* _What you have to do_
Within the records below, find the line with "Лицевая сторона —" and the line with "Об успехах российской", then reproduce exactly those two lines and all lines between them, without any picture.

* _Records provided_
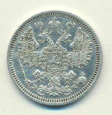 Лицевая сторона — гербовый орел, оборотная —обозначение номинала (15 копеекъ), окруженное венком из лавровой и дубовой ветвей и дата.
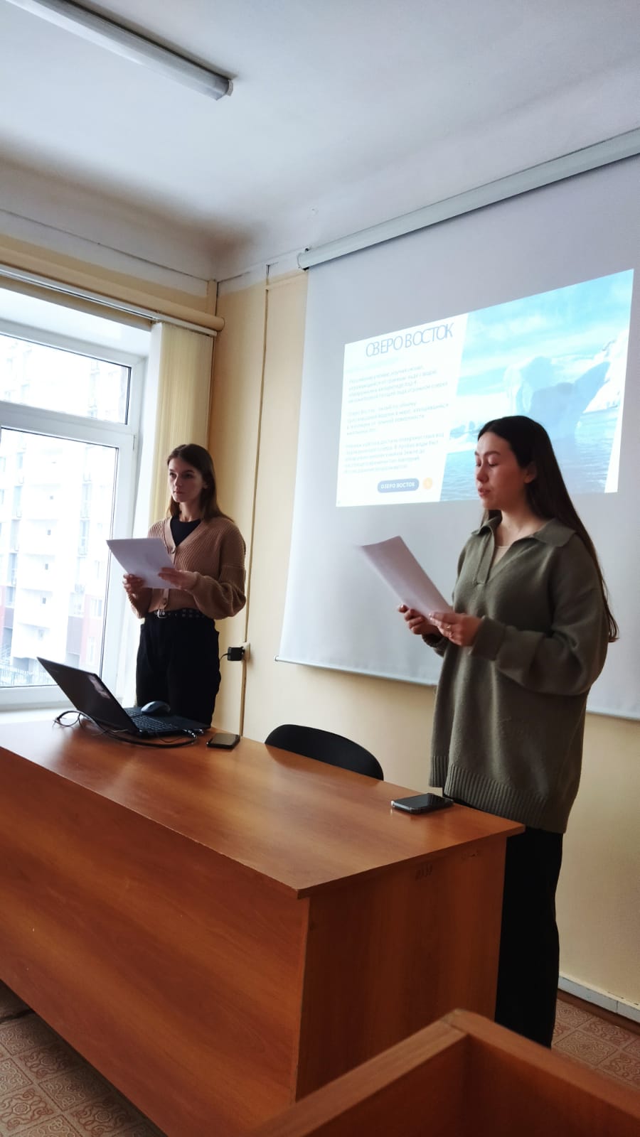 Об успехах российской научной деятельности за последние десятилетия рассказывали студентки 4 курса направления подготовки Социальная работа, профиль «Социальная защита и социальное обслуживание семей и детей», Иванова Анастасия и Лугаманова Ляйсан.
--
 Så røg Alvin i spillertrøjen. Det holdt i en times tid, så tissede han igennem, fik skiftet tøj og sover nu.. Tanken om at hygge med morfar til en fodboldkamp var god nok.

* _Exercise response_
 Лицевая сторона — гербовый орел, оборотная —обозначение номинала (15 копеекъ), окруженное венком из лавровой и дубовой ветвей и дата.
 Об успехах российской научной деятельности за последние десятилетия рассказывали студентки 4 курса направления подготовки Социальная работа, профиль «Социальная защита и социальное обслуживание семей и детей», Иванова Анастасия и Лугаманова Ляйсан.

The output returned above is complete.